It’s not surprising that Obama grew up a rambunctious kid with a stubborn streak and an “I’ll show you” attitude. After all, it takes a special kind of moxie to survive being the first African-American FLOTUS—and not only survive, but thrive. For eight years, we witnessed the adversity the first family had to face, and now we get to read what it was really like growing up in a working-class family on Chicago’s South Side and ending up at the world’s most famous address. As the author amply shows, her can-do attitude was daunted at times by racism, leaving her wondering if she was good enough. Nevertheless, she persisted, graduating from Chicago’s first magnet high school, Princeton, and Harvard Law School, and pursuing careers in law and the nonprofit world. With her characteristic candor and dry wit, she recounts the story of her fateful meeting with her future husband.

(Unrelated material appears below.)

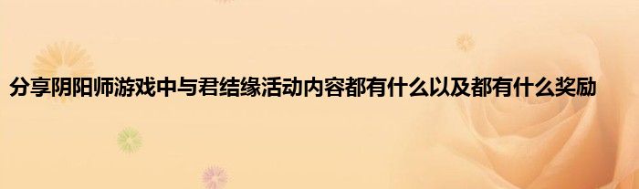 今天弟哥来聊聊一篇关于阴阳师游戏中与君结缘活动内容都有什么以及都有什么奖励的文章,游戏是很多人的选择,但是游戏玩多了也会身心疲惫,现在就为大家来简单介绍下阴阳师游戏中与君结缘活动内容都有什么以及都有什么奖励,希望对各位小伙伴们有所帮助。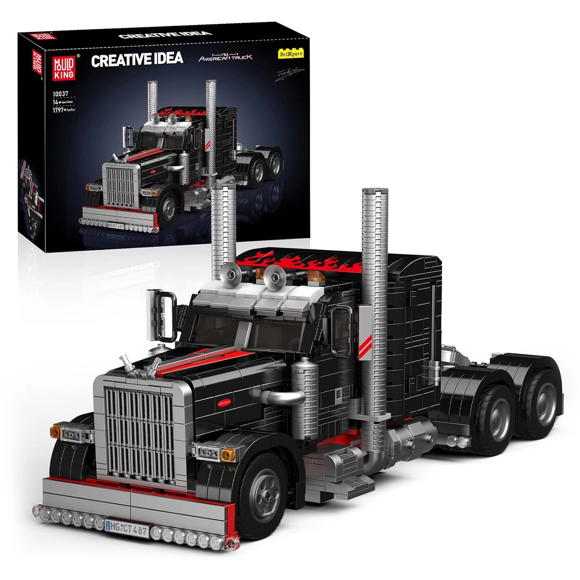 Krótki opis: Zbuduj legendę amerykańskich dróg z zestawem Mould King 10037! Ten kultowy czarny truck z realistycznymi detalami i masywną sylwetką to prawdziwa gratka dla miłośników ciężarówek i konstrukcji.

Once they were officially a couple, her feelings for him turned into a “toppling blast of lust, gratitude, fulfillment, wonder.” But for someone with a “natural resistance to chaos,” being the wife of an ambitious politician was no small feat, and becoming a mother along the way added another layer of complexity. Throw a presidential campaign into the mix, and even the most assured woman could begin to crack under the pressure. Later, adjusting to life in the White House was a formidable challenge for the self-described “control freak”—not to mention the difficulty of sparing their daughters the ugly side of politics and preserving their privacy as much as possible. Through it all, Obama remained determined to serve with grace and help others through initiatives like the White House garden and her campaign to fight childhood obesity. And even though she deems herself “not a political person,” she shares frank thoughts about the 2016 election.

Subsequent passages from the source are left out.